Work to complete -> Pictures aside, the output must consist of the lines from the one containing "Vrtni stoli - Stol" through the end of the data, reproduced exactly.

Saved data entries
# # #
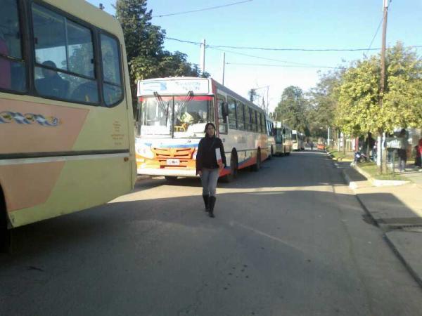 Unos 15 a 20 colectivos esperan frente a la mun. de yerba buena trasladar gente al acto del hipódromo.
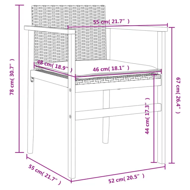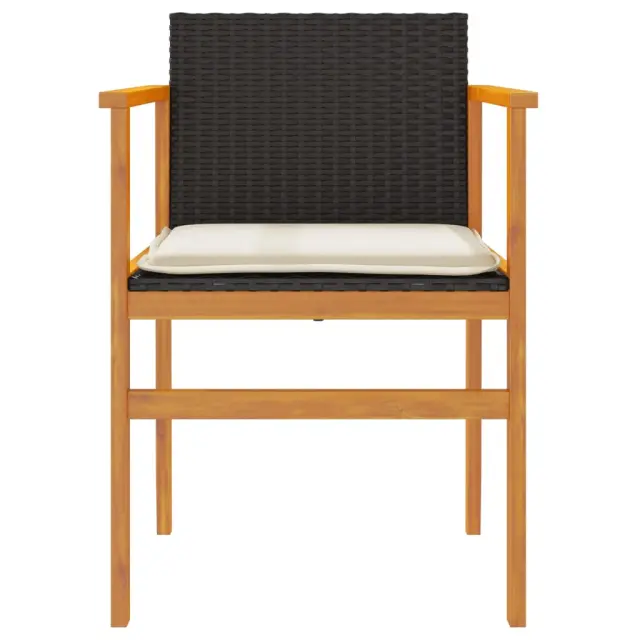 Vrtni stoli - Stol za vrt z blazinami 2 kosa črn poli ratan in trden les JS2119
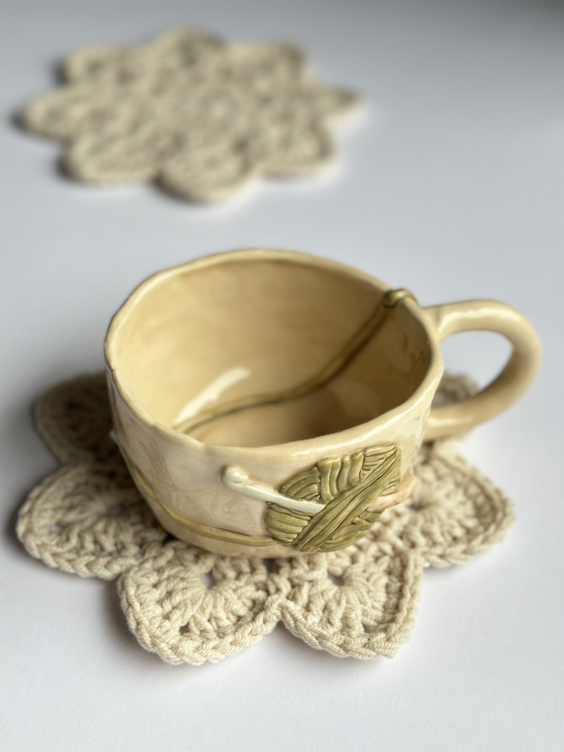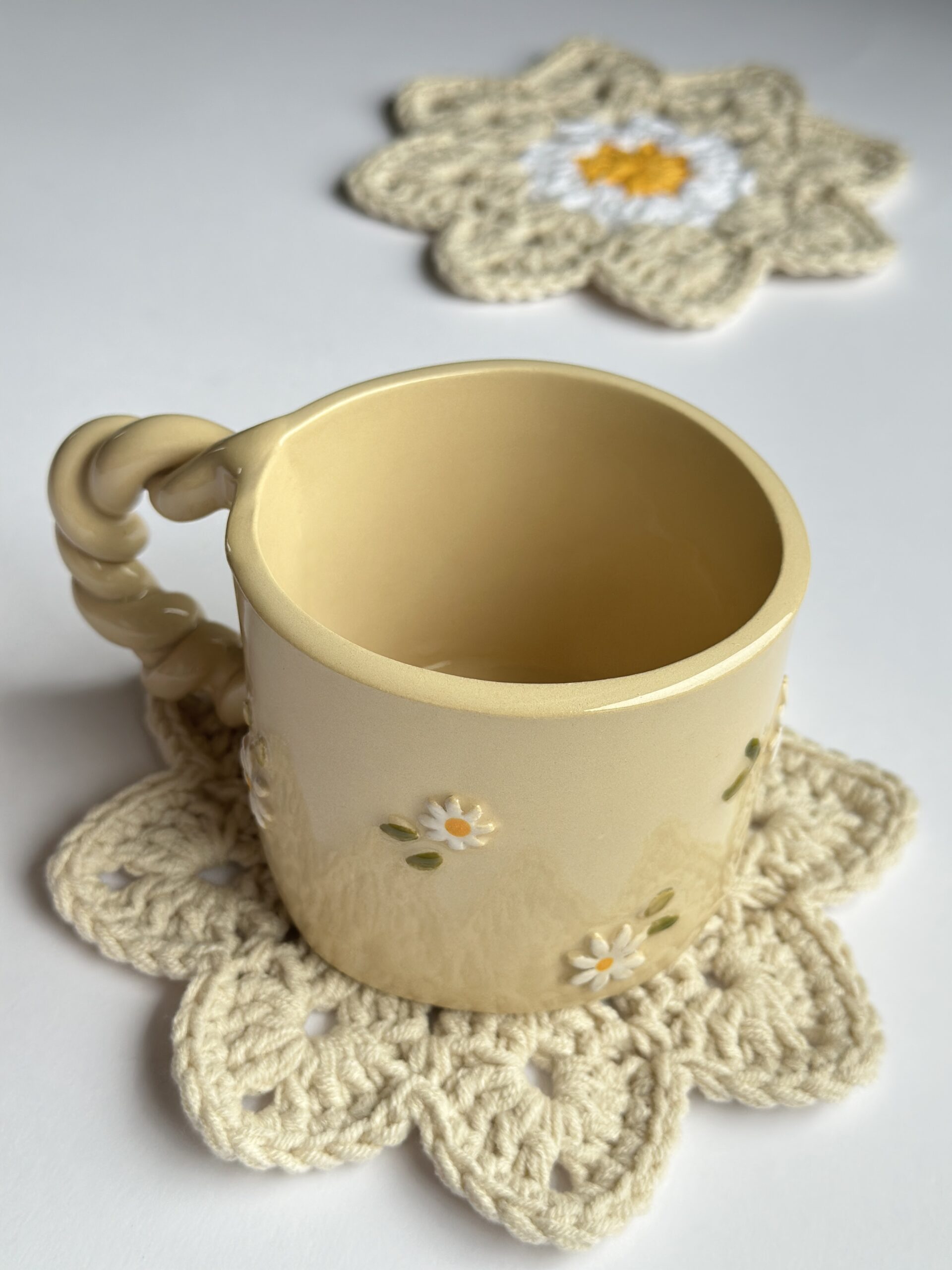 Szydełkowa podkładka pod kubek handmade – kwiatowa, dekoracja stołu
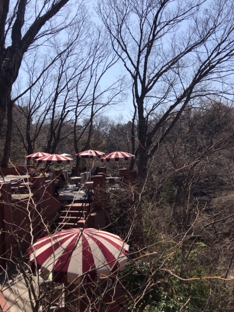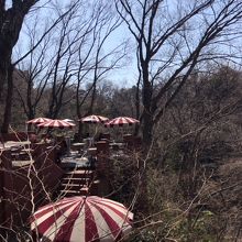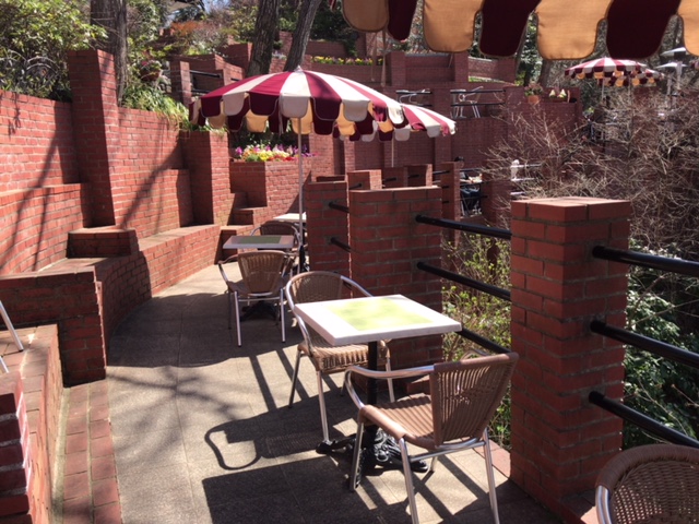 赤と白のパラソルがはためき、レンガ造りのテラスが可愛らしい雰囲気です。
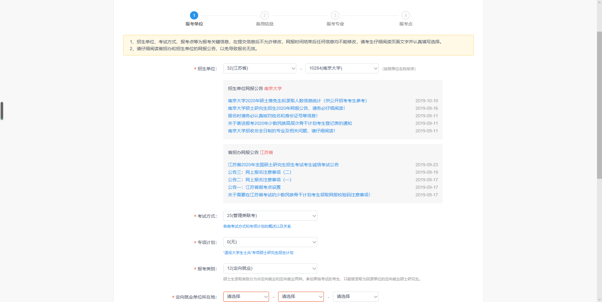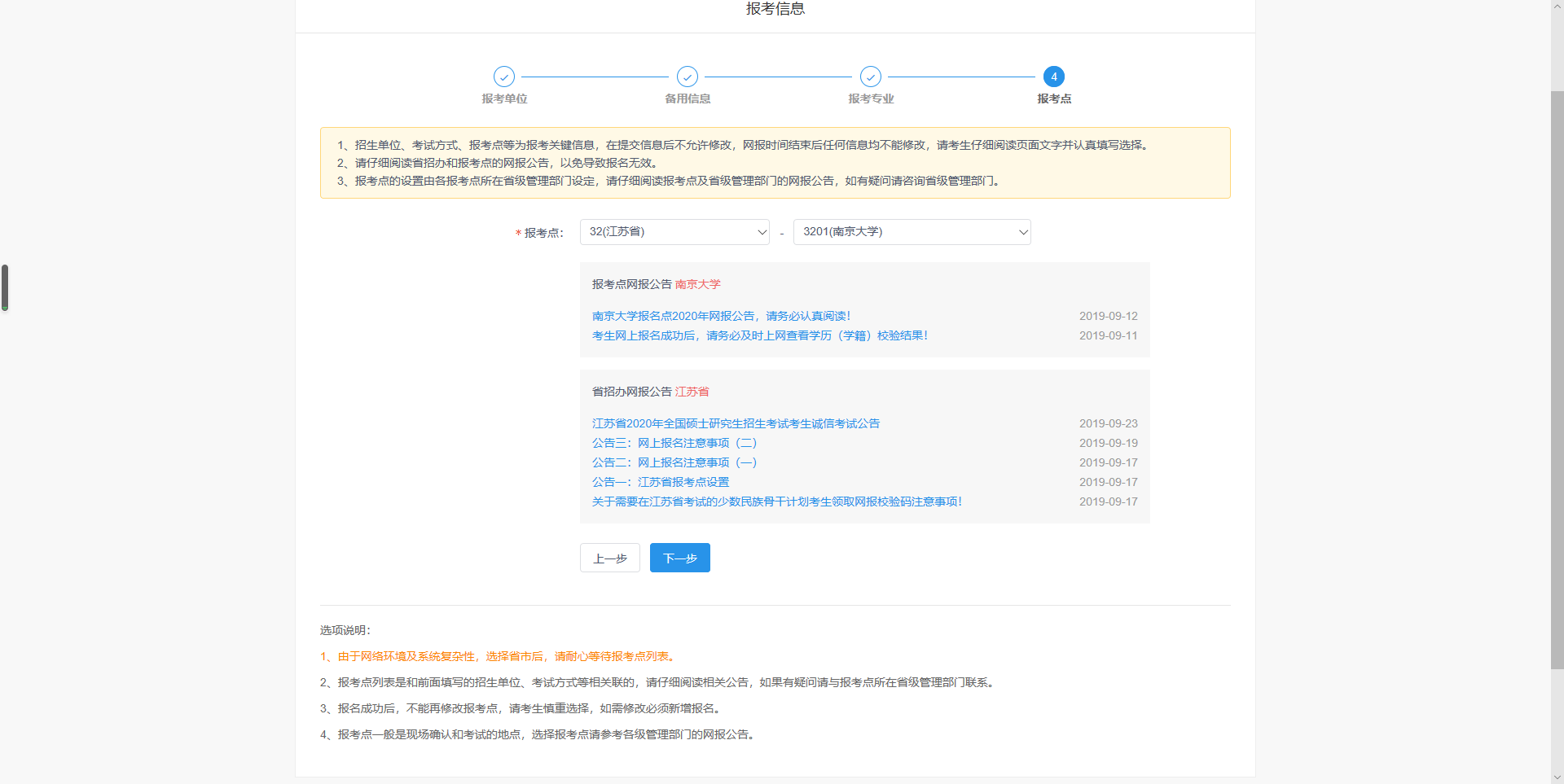(1)选择在南京考试的考生,报考点为南京大学,考生请仔细阅读表下的“南京大学报考点2020年网报公告”;
# # #
Answer space ->
 Vrtni stoli - Stol za vrt z blazinami 2 kosa črn poli ratan in trden les JS2119
 Szydełkowa podkładka pod kubek handmade – kwiatowa, dekoracja stołu
 赤と白のパラソルがはためき、レンガ造りのテラスが可愛らしい雰囲気です。
(1)选择在南京考试的考生,报考点为南京大学,考生请仔细阅读表下的“南京大学报考点2020年网报公告”;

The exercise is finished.